The types of graphs shown so far are the simplest that we can handle, but they offer great possibilities for data representation and can be used in multiple situations, even to represent the results obtained by more complicated analysis methods. We can use, for example, two overlapping line diagrams to visualize the results of a two-way analysis of variance ( Figure 11 ). A scatter plot is the appropriate method to assess the result of a logistic regression model ( Figure 12 ). There are even some concrete analyzes that are based entirely on graphical representation. In particular, the elaboration of ROC curves ( Figure 13) and the calculation of the area under the curve are the most appropriate method to assess the accuracy of a diagnostic test.
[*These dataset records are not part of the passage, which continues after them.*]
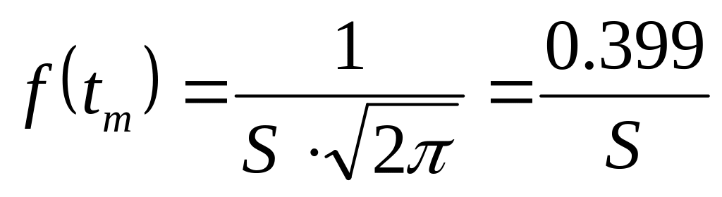 Кривая плотности распределения нормального закона тем острее и выше, чем меньше S. Она начинается от t =-∞ и распространяется до t =+∞. Площадь, очерченная уходящими в бесконечность ветвями кривой плотности, выражающая соответствующую вероятность отказов, очень мала. Так, вероятность отказа за период времени до tm-3S составляет всего 0,135% и обычно в расчетах не учитывается. Вероятность отказа до tm-2S равна 2,175%. Наибольшая ордината кривой плотности распределения нормального закона равна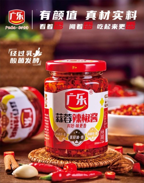 广乐蒜蓉辣椒酱,甄选优质非转基因菜籽油精心炒制,菜籽油自带的天然醇香与辣椒的深邃风味交相辉映,经过乳酸菌自然发酵的匠心工艺,不仅成功降低了盐分,更锁住了辣椒本身的鲜美口感与丰富营养。同时,人工精细去除多余辣椒籽,将蒜粒改为饱满的大颗,精心炒制出口感醇厚、蒜香浓郁、味辣多汁的辣椒酱。
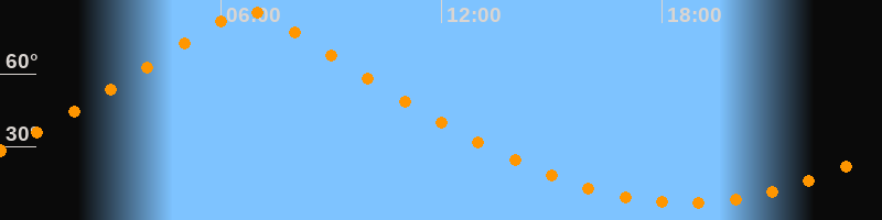 | Höchster Stand (Kulmination) | 06:44 Uhr (h = 85,7°) |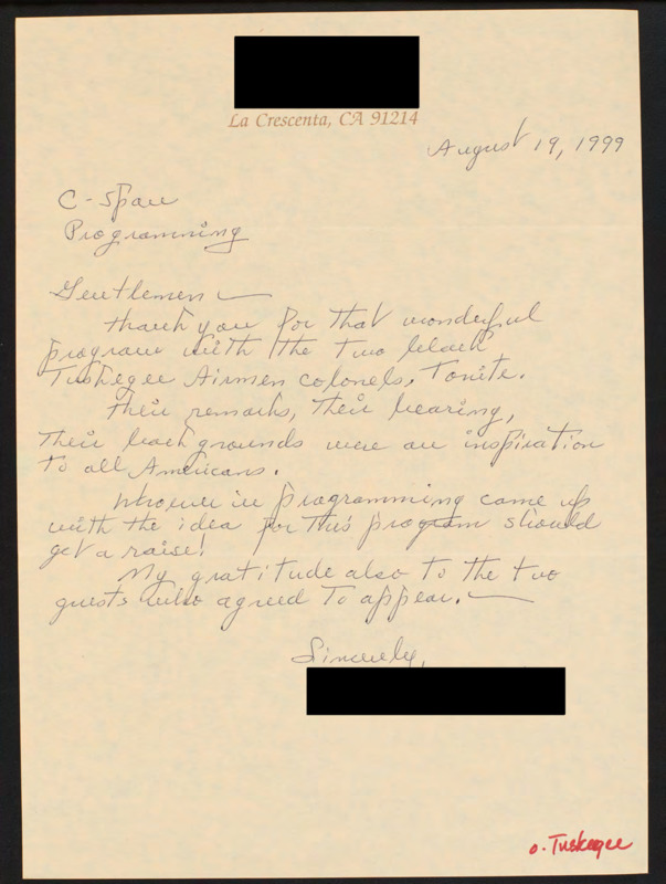 Thanks C-SPAN for airing a program with the Tuskegee Airmen.
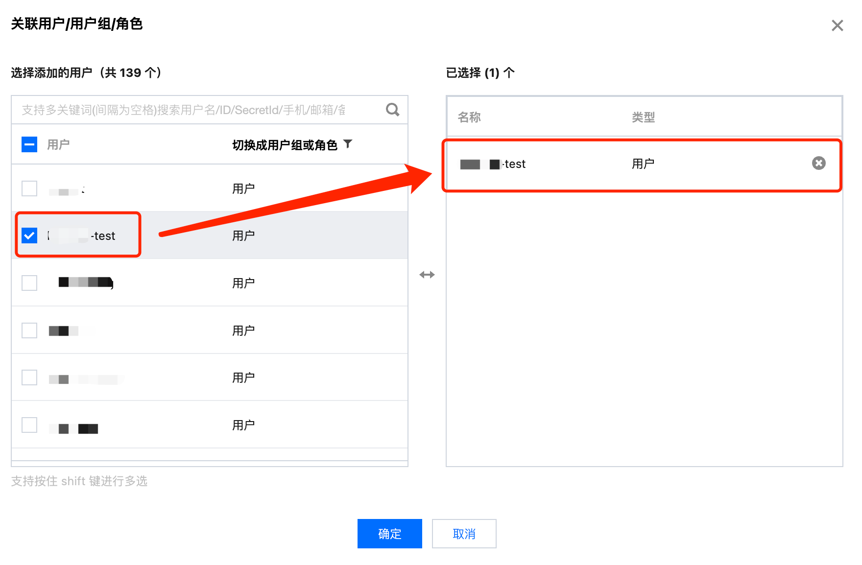 3. 在弹出页面勾选要关联的用户,单击确定即可完成通过策略关联用户操作。

We have seen, therefore, how important and useful graphic representations can be in the data analysis process. Most statistical and epidemiological texts emphasize the different types of graphs that can be created, as an essential tool in the presentation of results and the statistical analysis process. However, it is difficult to say when it is more appropriate to use a graph than a table. Rather, we can consider them two different but complementary ways of viewing the same data. The increasing use of different computer programs makes obtaining them especially easy. Most statistical packages (SPSS, STATGRAPHICS, S-PLUS, EGRET, …) offer great possibilities in this regard. In addition to the graphics seen, It is possible to create other graphs, even three-dimensional.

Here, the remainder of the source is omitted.